In the liner notes to Paul Simon's 2011 album So Beautiful Or So What, his good friend and lifelong admirer, Elvis Costello, describes him as "a man in full possession of all his gifts, looking at the comedy and beauty of life with clarity and the tenderness bought by time". They're traits which liberally pepper the elder man's work throughout a professional career stretching back six decades, and that have clearly influenced his younger acolyte's writing.

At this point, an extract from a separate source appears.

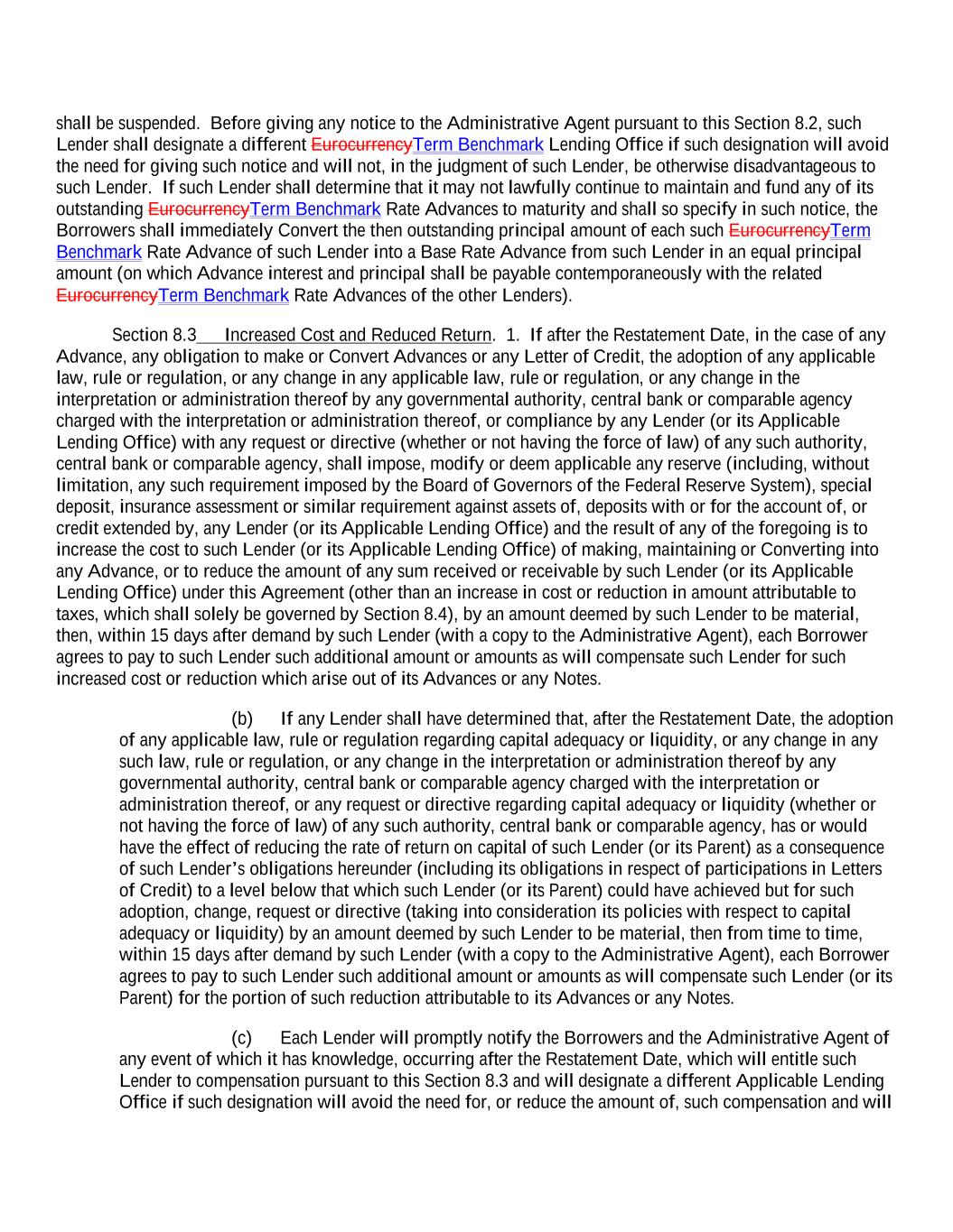 shall be suspended. Before giving any notice to the Administrative Agent pursuant to this Section 8.2, such Lender shall designate a different EurocurrencyTerm Benchmark Lending Office if such designation will avoid the need for giving such notice and will not, in the judgment of such Lender, be otherwise disadvantageous to such Lender. If such Lender shall determine that it may not lawfully continue to maintain and fund any of its outstanding EurocurrencyTerm Benchmark Rate Advances to maturity and shall so specify in such notice, the Borrowers shall immediately Convert the then outstanding principal amount of each such EurocurrencyTerm Benchmark Rate Advance of such Lender into a Base Rate Advance from such Lender in an equal principal amount (on which Advance interest and principal shall be payable contemporaneously with the related EurocurrencyTerm Benchmark Rate Advances of the other Lenders). Section 8.3 Increased Cost and Reduced Return. 1. If after the Restatement Date, in the case of any Advance, any obligation to make or Convert Advances or any Letter of Credit, the adoption of any applicable law, rule or regulation, or any change in any applicable law, rule or regulation, or any change in the interpretation or administration thereof by any governmental authority, central bank or comparable agency charged with the interpretation or administration thereof, or compliance by any Lender (or its Applicable Lending Office) with any request or directive (whether or not having the force of law) of any such authority, central bank or comparable agency, shall impose, modify or deem applicable any reserve (including, without limitation, any such requirement imposed by the Board of Governors of the Federal Reserve System), special deposit, insurance assessment or similar requirement against assets of, deposits with or for the account of, or credit extended by, any Lender (or its Applicable Lending Office) and the result of any of the foregoing is to increase the cost to such Lender (or its Applicable Lending Office) of making, maintaining or Converting into any Advance, or to reduce the amount of any sum received or receivable by such Lender (or its Applicable Lending Office) under this Agreement (other than an increase in cost or reduction in amount attributable to taxes, which shall solely be governed by Section 8.4), by an amount deemed by such Lender to be material, then, within 15 days after demand by such Lender (with a copy to the Administrative Agent), each Borrower agrees to pay to such Lender such additional amount or amounts as will compensate such Lender for such increased cost or reduction which arise out of its Advances or any Notes. (b) If any Lender shall have determined that, after the Restatement Date, the adoption of any applicable law, rule or regulation regarding capital adequacy or liquidity, or any change in any such law, rule or regulation, or any change in the interpretation or administration thereof by any governmental authority, central bank or comparable agency charged with the interpretation or administration thereof, or any request or directive regarding capital adequacy or liquidity (whether or not having the force of law) of any such authority, central bank or comparable agency, has or would have the effect of reducing the rate of return on capital of such Lender (or its Parent) as a consequence of such Lender’s obligations hereunder (including its obligations in respect of participations in Letters of Credit) to a level below that which such Lender (or its Parent) could have achieved but for such adoption, change, request or directive (taking into consideration its policies with respect to capital adequacy or liquidity) by an amount deemed by such Lender to be material, then from time to time, within 15 days after demand by such Lender (with a copy to the Administrative Agent), each Borrower agrees to pay to such Lender such additional amount or amounts as will compensate such Lender (or its Parent) for the portion of such reduction attributable to its Advances or any Notes. (c) Each Lender will promptly notify the Borrowers and the Administrative Agent of any event of which it has knowledge, occurring after the Restatement Date, which will entitle such Lender to compensation pursuant to this Section 8.3 and will designate a different Applicable Lending Office if such designation will avoid the need for, or reduce the amount of, such compensation and will

Arguably, the first illustration of Simon's fingerprints on the Costello songbook can be detected listening to prefame acoustic demos aired on Radio London in 1976, and more pointedly on the following year's single, the nakedly emotional Alison. They crop up time and again in the more confessional corners of the Costello catalogue (Simon's pensive, nostalgia-tinged state-of-the-nation paean American Tune from '73 is arguably the touchstone for Costello's Peace In Our Time a decade later); eloquent parallels that make their kindred spirit connection no surprise.

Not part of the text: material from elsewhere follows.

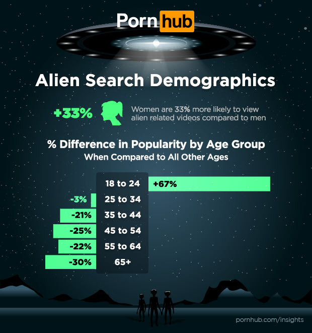 Women are proportionately +33% more likely to search for “alien” related videos when compared to men, and visitors aged 18 to 24 are +67% more likely to search when compared to all other age groups. Popularity drops off as visitor age increases, with those over the age of 45 being -25% less likely to search for “alien” porn.

Although they've known each other on a personal level for more than 30 years, their shared professional ground is comparatively sparse. Elvis has thrice covered Paul's songs (see panel), but the only musician they have in common is the late Larry Knechtel, a regular presence on Simon & Garfunkel records, perhaps most notable for his Grammy-winning piano arrangement of Bridge Over Troubled Water, and who was part of Costello's touring band The Rude 5 between 1989 and '91.
A year after the release of So Beautiful Or So What, both men were on the voting jury for the inaugural PEN New England Song Lyrics of Literary Excellence award (the offshoot of a longer-established award for novelists and poets). Famously, jury chairman Simon chose not to use his casting vote to split a tie, resulting in the gong being shared between Chuck Berry and Leonard Cohen.